==== ENTRIES SUPPLIED
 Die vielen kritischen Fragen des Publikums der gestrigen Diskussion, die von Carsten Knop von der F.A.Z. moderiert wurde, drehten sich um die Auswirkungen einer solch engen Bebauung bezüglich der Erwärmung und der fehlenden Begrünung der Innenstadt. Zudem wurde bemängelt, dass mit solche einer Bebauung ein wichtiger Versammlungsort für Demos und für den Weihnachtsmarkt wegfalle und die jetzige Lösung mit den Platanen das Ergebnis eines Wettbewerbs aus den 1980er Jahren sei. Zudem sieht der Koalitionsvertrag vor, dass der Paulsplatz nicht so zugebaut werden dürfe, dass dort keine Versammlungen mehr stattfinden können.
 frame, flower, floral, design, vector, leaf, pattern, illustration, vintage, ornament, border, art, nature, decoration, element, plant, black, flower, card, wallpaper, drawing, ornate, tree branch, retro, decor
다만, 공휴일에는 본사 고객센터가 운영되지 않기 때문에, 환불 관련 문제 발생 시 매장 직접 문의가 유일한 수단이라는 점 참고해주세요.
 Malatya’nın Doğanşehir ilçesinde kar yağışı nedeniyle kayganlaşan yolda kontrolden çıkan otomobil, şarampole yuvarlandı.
========
==== ENTRIES SUPPLIED
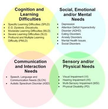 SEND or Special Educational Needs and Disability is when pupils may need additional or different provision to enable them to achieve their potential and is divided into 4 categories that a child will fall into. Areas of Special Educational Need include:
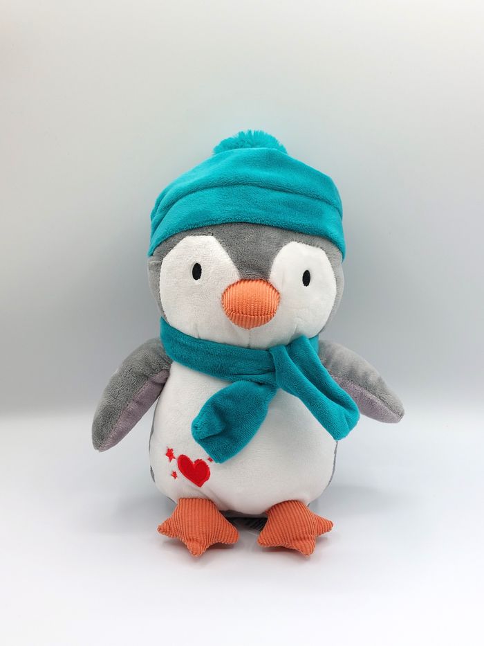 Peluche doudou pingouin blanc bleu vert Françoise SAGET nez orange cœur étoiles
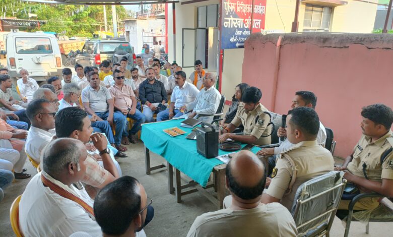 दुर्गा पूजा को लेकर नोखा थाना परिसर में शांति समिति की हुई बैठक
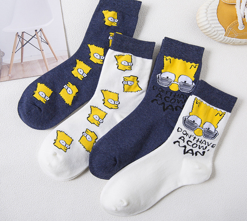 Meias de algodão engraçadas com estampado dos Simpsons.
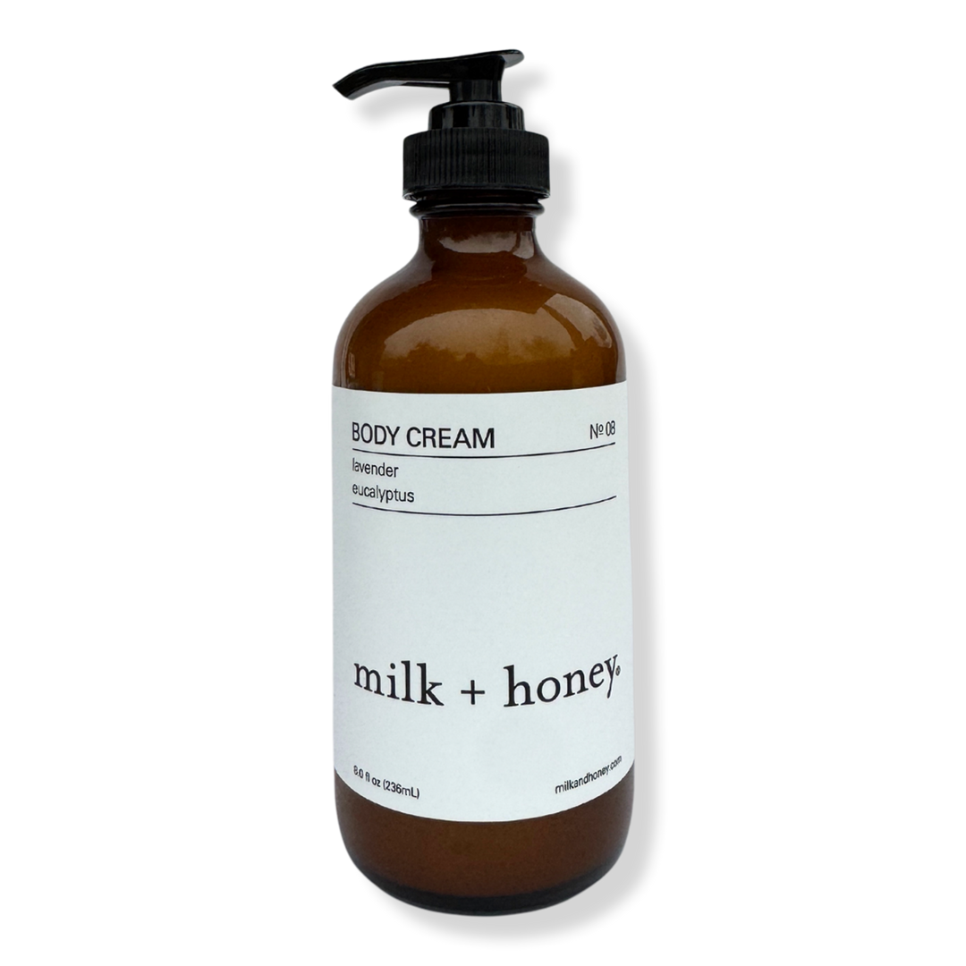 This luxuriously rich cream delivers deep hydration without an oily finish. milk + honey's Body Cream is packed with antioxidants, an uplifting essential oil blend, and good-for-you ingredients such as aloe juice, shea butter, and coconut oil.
========
WHAT TO PRODUCE:
Of the lines above, output exactly those from the line bearing "Die vielen kritischen" through the line bearing "Malatya’nın Doğanşehir ilçesinde", inclusive.

OUTPUT FOR THIS EXERCISE:
 Die vielen kritischen Fragen des Publikums der gestrigen Diskussion, die von Carsten Knop von der F.A.Z. moderiert wurde, drehten sich um die Auswirkungen einer solch engen Bebauung bezüglich der Erwärmung und der fehlenden Begrünung der Innenstadt. Zudem wurde bemängelt, dass mit solche einer Bebauung ein wichtiger Versammlungsort für Demos und für den Weihnachtsmarkt wegfalle und die jetzige Lösung mit den Platanen das Ergebnis eines Wettbewerbs aus den 1980er Jahren sei. Zudem sieht der Koalitionsvertrag vor, dass der Paulsplatz nicht so zugebaut werden dürfe, dass dort keine Versammlungen mehr stattfinden können.
 frame, flower, floral, design, vector, leaf, pattern, illustration, vintage, ornament, border, art, nature, decoration, element, plant, black, flower, card, wallpaper, drawing, ornate, tree branch, retro, decor
다만, 공휴일에는 본사 고객센터가 운영되지 않기 때문에, 환불 관련 문제 발생 시 매장 직접 문의가 유일한 수단이라는 점 참고해주세요.
 Malatya’nın Doğanşehir ilçesinde kar yağışı nedeniyle kayganlaşan yolda kontrolden çıkan otomobil, şarampole yuvarlandı.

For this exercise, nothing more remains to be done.